Understanding the basics of A/B testing

So, first things first: What is A/B testing?

In its simplest form, A/B testing (aka split testing) is when you compare the performance of a new version of an asset against your current version and see which one performs better. 

Marketers most often use A/B testing to fine-tune performance on things like landing pages, emails, and digital ads. These tests are a great way to dig into what’s working (and what isn’t) on these assets and really optimize their performance.

Here’s how it works:

  1. Set your goal: Choose a target and explain what you want to accomplish with your tests (e.g., higher conversion rates, better engagement).
  2. Pick the variable you want to test: Choose a single element to test (e.g., headline, CTA pricing).
  3. Create your variant: Develop a variant of your asset with a different version of the element you’re testing. Remember, you only have one variant with one change in an A/B test.
  4. Set up your test: Set up your test with an A/B testing tool to randomly split your audience and segment your traffic accordingly.
  5. Run your test: Launch the test and let it run for as long as you need to reach a statistically significant conclusion. This timeframe can vary widely, so it’s best to use an A/B test duration calculator.
  6. Analyze the results: Compare the performance of the two versions based on any metrics you’ve defined.
  7. Implement the winner: Roll out the version that performed better in the test to your entire audience.
  8. Iterate: Use the insights you’ve gathered to refine and iterate on future tests.

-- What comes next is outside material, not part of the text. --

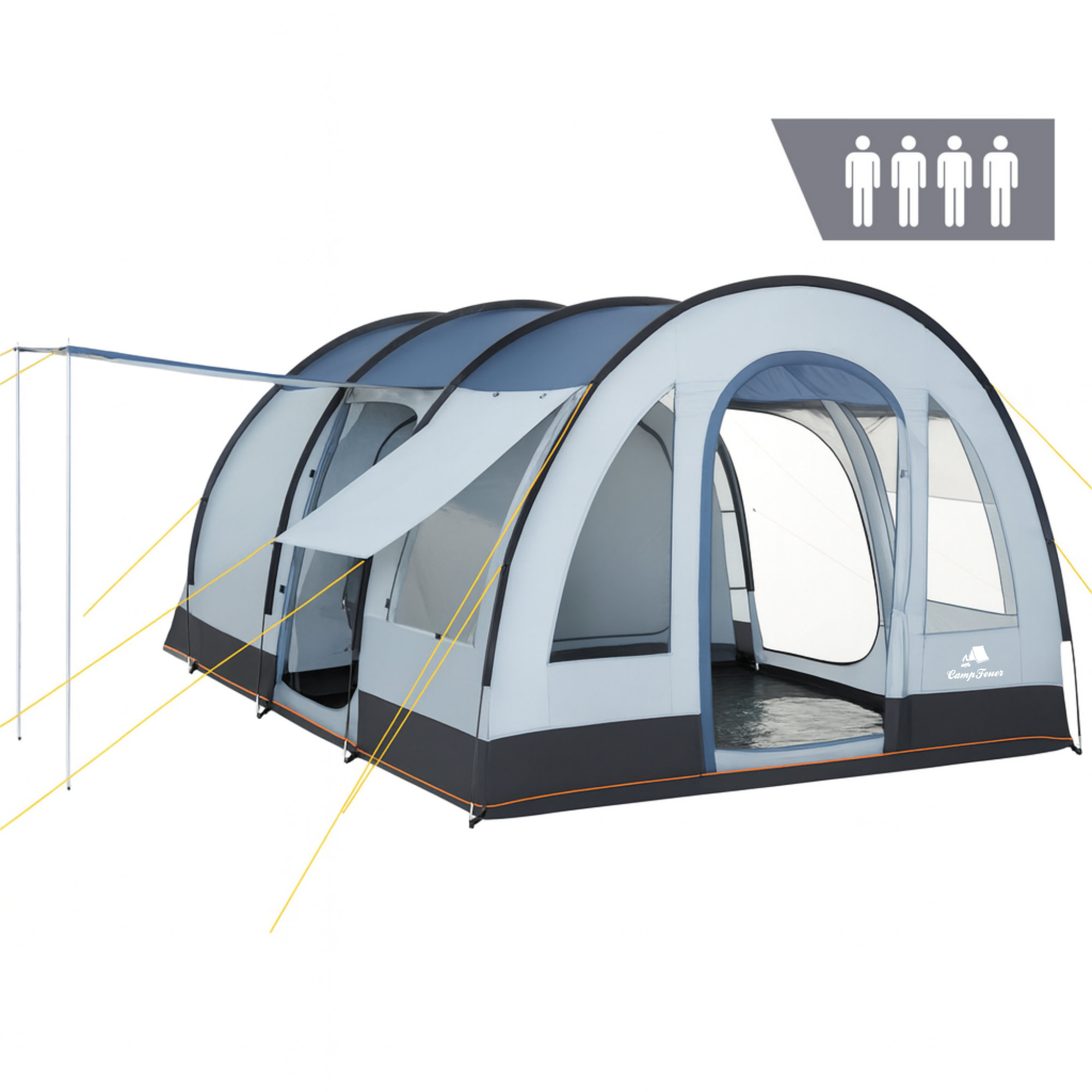 CampFeuer Zelt TunnelX für 4 Personen, Grau/Blau, Tunnelzelt mit 3 Eingängen, 5000 mm Wassersäule

Why A/B testing is important

There’s one big reason why A/B testing is important: 

Data-driven decision making is critical for businesses everywhere.

Marketing departments face greater scrutiny as budgets and the economy get tighter. Removing guesswork and uncertainty from marketing activities is critical. 

And if you’re able to point to data that supports your recommendations and strategies, it’s that much easier to make the case for why your business should be doing X and Y instead of Z. Even if it’s something you know is gonna work, being able to refer to concrete details just makes it an airtight argument.

A/B testing is how you get the data necessary for making these strategies work.